Marcin Wichary wrote a terrific article a couple of months ago about getting rid of Moiré patterns from scanned photographs (via Andy Baio). It’s a great visual exploration of the intersection between art and mathematics. But the point that Marcin gets to at the end of the article, and which has stuck with me, is about the nature of mastery experiences:
I’ve always had this theory that any long-term project requires two ingredients: things you’re good at, and things you want to learn. The first group gives you a feeling of accomplishment and mastery. The other one? It keeps things interesting.
When coming to a large project without some things you’ve already mastered, the entire endeavour can feel overwhelming. But without anything new to look forward to, it can become stale and repetitive.
Or here’s another lens: When you’re facing one of the many hard moments, something you’re good at can help you feel awesome. But when you’re bored, something new to learn can remind you how there’s more to life than feeling awesome all the time.Marcin Wichary, “Moiré no more”
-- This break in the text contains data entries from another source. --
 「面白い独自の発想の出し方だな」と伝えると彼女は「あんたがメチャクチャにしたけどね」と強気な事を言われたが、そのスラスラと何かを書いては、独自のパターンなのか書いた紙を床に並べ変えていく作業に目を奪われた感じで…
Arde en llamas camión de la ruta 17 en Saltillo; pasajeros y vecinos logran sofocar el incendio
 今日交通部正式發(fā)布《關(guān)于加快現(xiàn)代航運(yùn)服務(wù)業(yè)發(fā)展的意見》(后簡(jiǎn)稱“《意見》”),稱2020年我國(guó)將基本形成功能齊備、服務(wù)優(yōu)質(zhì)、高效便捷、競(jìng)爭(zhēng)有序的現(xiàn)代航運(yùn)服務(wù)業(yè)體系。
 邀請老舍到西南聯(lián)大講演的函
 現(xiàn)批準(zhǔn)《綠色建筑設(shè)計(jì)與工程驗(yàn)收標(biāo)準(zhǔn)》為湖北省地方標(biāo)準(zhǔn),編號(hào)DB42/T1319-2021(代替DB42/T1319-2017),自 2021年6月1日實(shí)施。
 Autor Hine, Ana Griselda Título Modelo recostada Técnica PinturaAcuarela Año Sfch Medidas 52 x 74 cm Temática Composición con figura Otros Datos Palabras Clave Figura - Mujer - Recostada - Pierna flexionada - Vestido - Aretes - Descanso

This ties directly to Albert Bandura’s concept of self-efficacy. Simply put, self-efficacy is the belief that you are able to take control of a situation or project, and achieve a certain goal. Perhaps you don’t have the skills to do it right now, but your past experiences, your emotional state, and the social support available to you lead to you think that you will be able to get there. Satisfying mastery experiences like the one Marcin describes here are essential to reinforcing your sense of self-efficacy. (And in the opposite case, a diminished sense of personal efficacy is a hallmark of multiple models of burnout.)
(Note that self-efficacy is not the same as self-confidence. One way to describe the difference is that self-efficacy is the belief in yourself, while self-confidence is the strength of that belief, and an indication of your ability to project that belief to yourself and others. Whether the belief and the projection are justified, and how they’re perceived, are different matters…)
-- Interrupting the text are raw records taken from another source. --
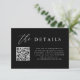 Tarjetas de detalles del Boda de código QR de caligrafía elegante negra
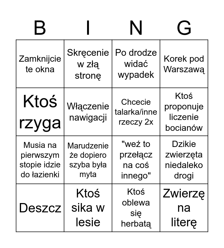 This bingo card has 16 words: Ktoś sika w lesie, Dzikie zwierzęta niedaleko drogi, Po drodze widać wypadek, Zamknijcie te okna, Musia na pierwszym stopie idzie do łazienki, Skręcenie w złą stronę, "weź to przełącz na coś innego", Ktoś oblewa się herbatą, Ktoś rzyga, Włączenie nawigacji, Deszcz, Korek pod Warszawą, Marudzenie że dopiero szyba była myta, Ktoś proponuje liczenie bocianów, Chcecie talarka/inne rzeczy 2x and Zwierzę na literę.
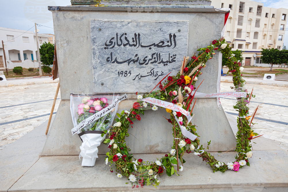 Demonstrators gather at a memorial site honoring the victims of the 1985 Israeli attack on Palestine Liberation Organization's headquarters, in Hammam Chott outside Tunisia's capital, Wednesday, Oct. 1, 2025. (AP Photo/Ons Abid)
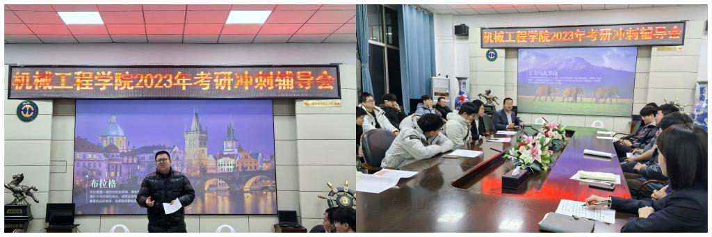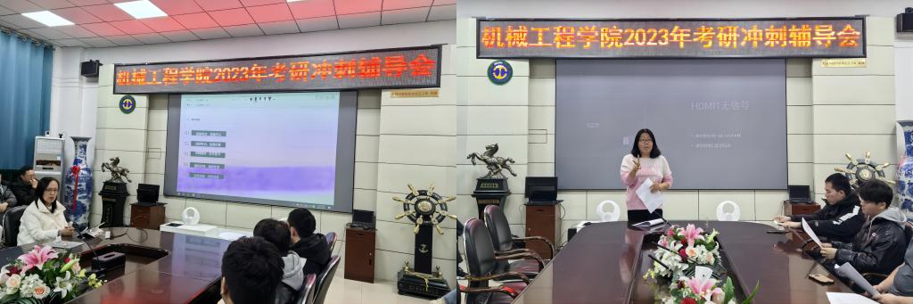 为了进一步助力考研员工成功“上岸”,力争实现学院2024届本科毕业生考研率再上新台阶,12月8日下午,机械工程学院在二楼会议室举办了考研冲刺辅导会。学院副处级辅导员毕强,毕业年级辅导员迟文玉和杨非凡,全体考研员工参加了辅导会。
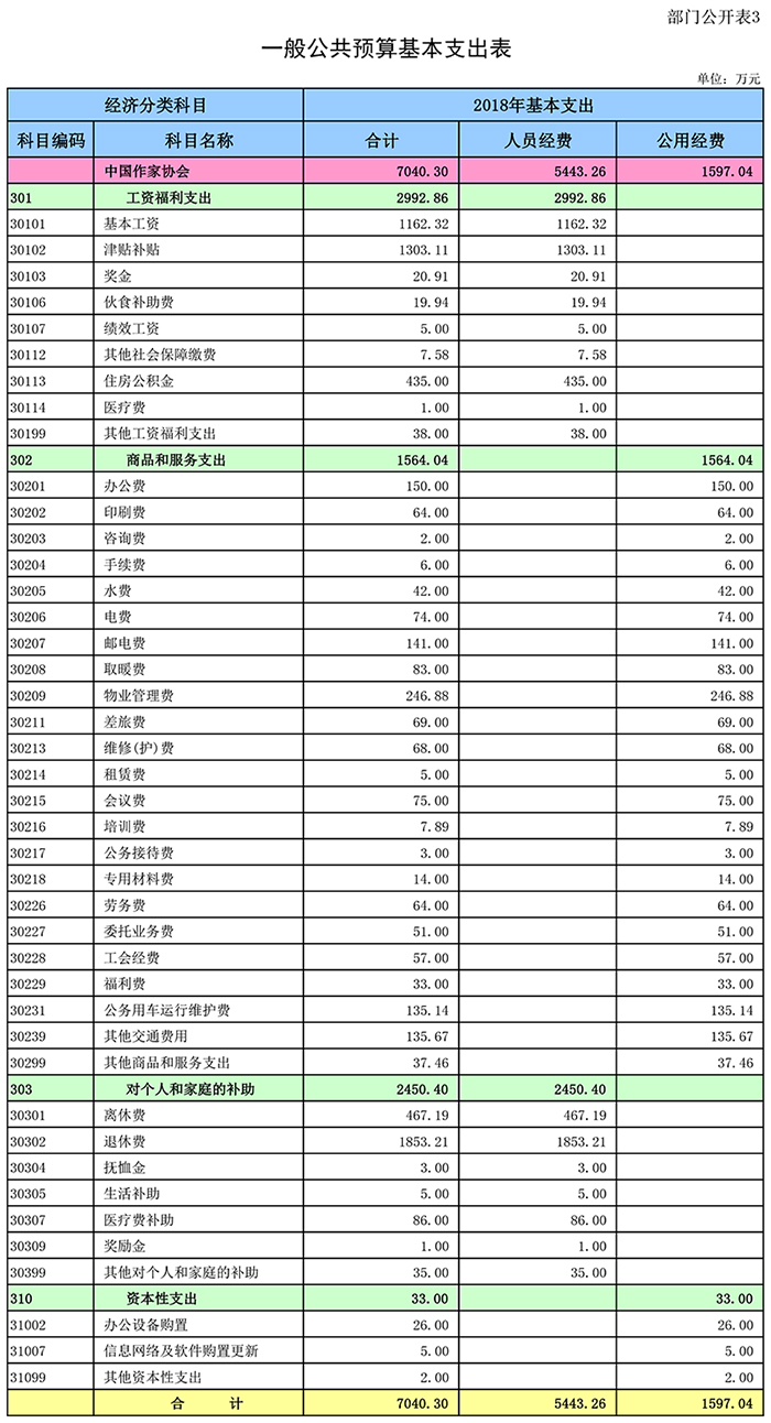 中國作家協(xié)會2018 年一般公共預(yù)算基本支出 7040.30萬元,其中:
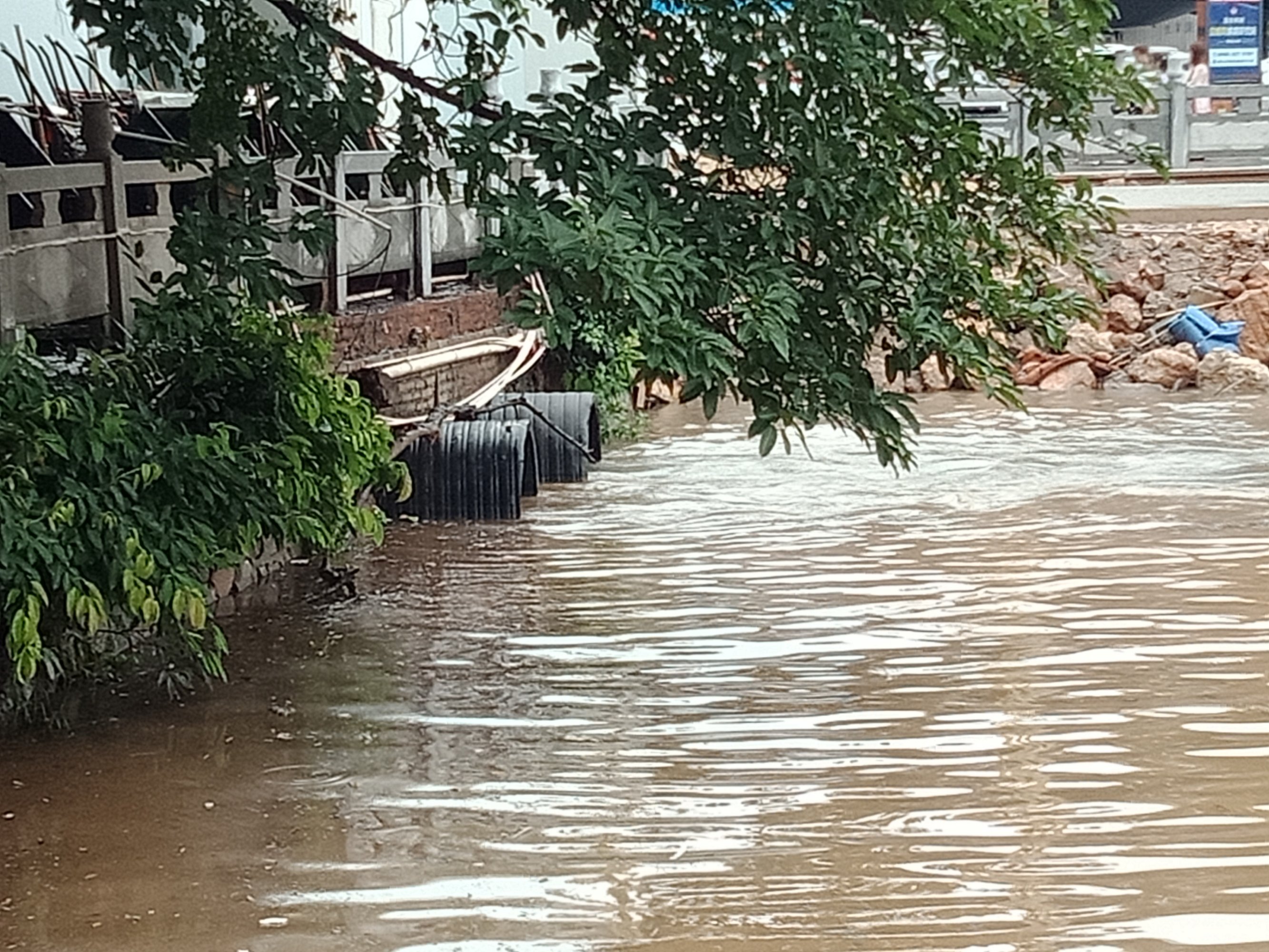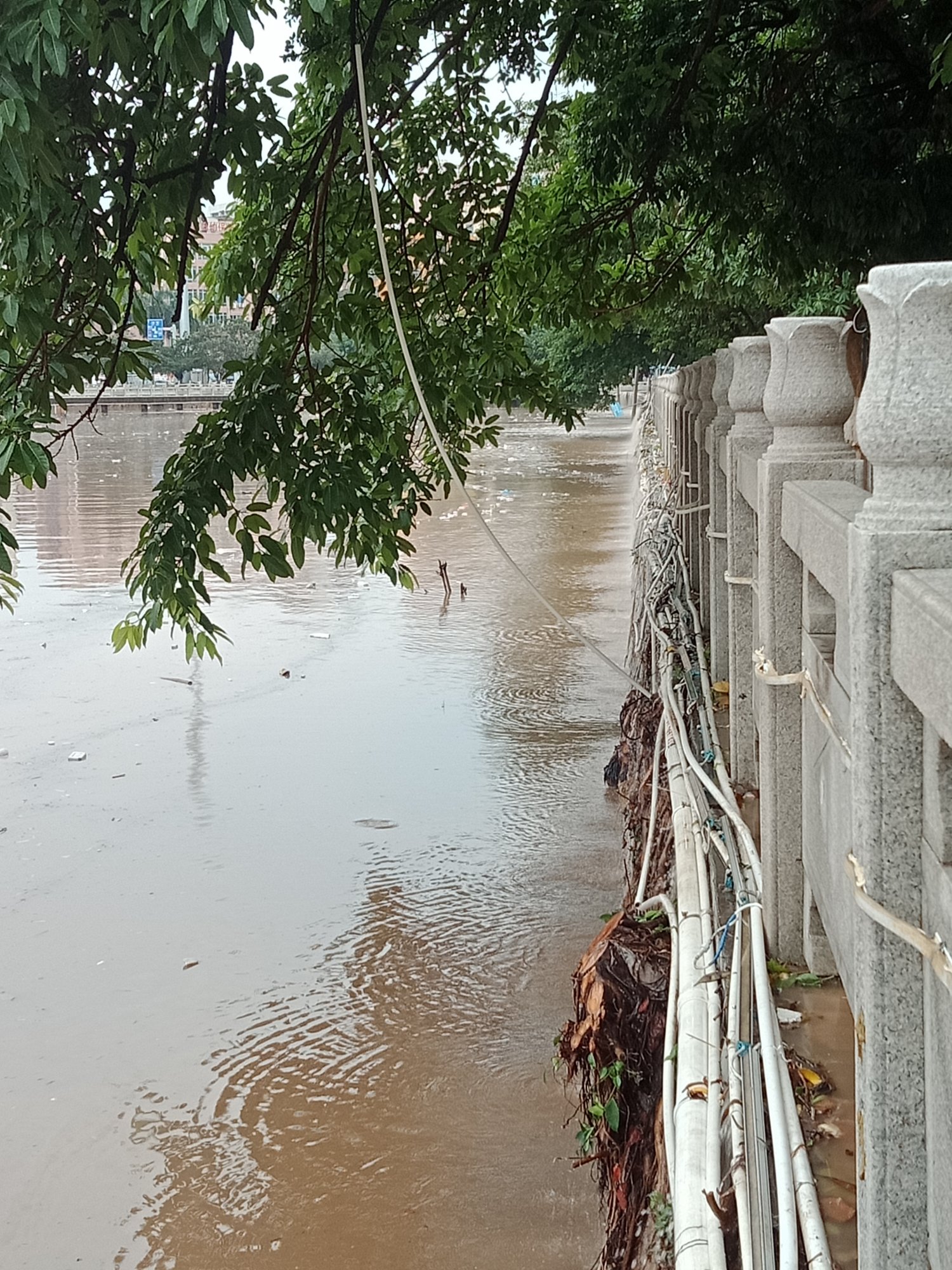 东湖与上排~路口~排水有点急,有向东湖这边排水(上次也发过)~有些摩托不小心过给拌倒~ 还有海滨路两侧小段有水浸~ 还有海堤路小段有水浸~ 政法路小段~还有解放街小段~新湖二~还有些吧?没一一去看~车况车速好点还勉强可冲过,不过还是建议小心点~摩托就算突然死火可推着走~

This resonates with me a lot right now. As a manager, one of my responsibilities is to ensure that my team get the opportunities to gain mastery experiences, and to help them reflect on those experiences to increase their sense of self-efficacy.
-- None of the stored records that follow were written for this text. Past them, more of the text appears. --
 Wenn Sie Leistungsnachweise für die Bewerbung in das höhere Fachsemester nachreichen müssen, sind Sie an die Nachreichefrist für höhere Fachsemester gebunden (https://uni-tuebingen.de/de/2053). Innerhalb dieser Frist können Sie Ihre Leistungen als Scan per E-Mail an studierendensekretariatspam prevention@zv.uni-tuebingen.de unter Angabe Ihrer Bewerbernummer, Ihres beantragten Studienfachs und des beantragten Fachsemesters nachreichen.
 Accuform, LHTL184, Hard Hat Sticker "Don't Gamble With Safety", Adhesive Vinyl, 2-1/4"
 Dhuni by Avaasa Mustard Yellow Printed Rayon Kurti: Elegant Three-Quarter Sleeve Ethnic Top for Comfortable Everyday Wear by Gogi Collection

But…as of a couple of weeks ago I’m not a manager any more. The engineer/manager pendulum has swung the other way for me. It’s been a couple of years since I spent full days embedded in code, and my skills are rusty. I’m bumping up against exactly what Marcin described in his article: things that I’ve done in the past (efficacy), and things I’d like to learn about for the future (motivation). My sense of efficacy feels reasonably solid; my motivation is…complicated, but I don’t think that’s unusual. On balance it feels like this is the right thing for me at this time. Which is just fine.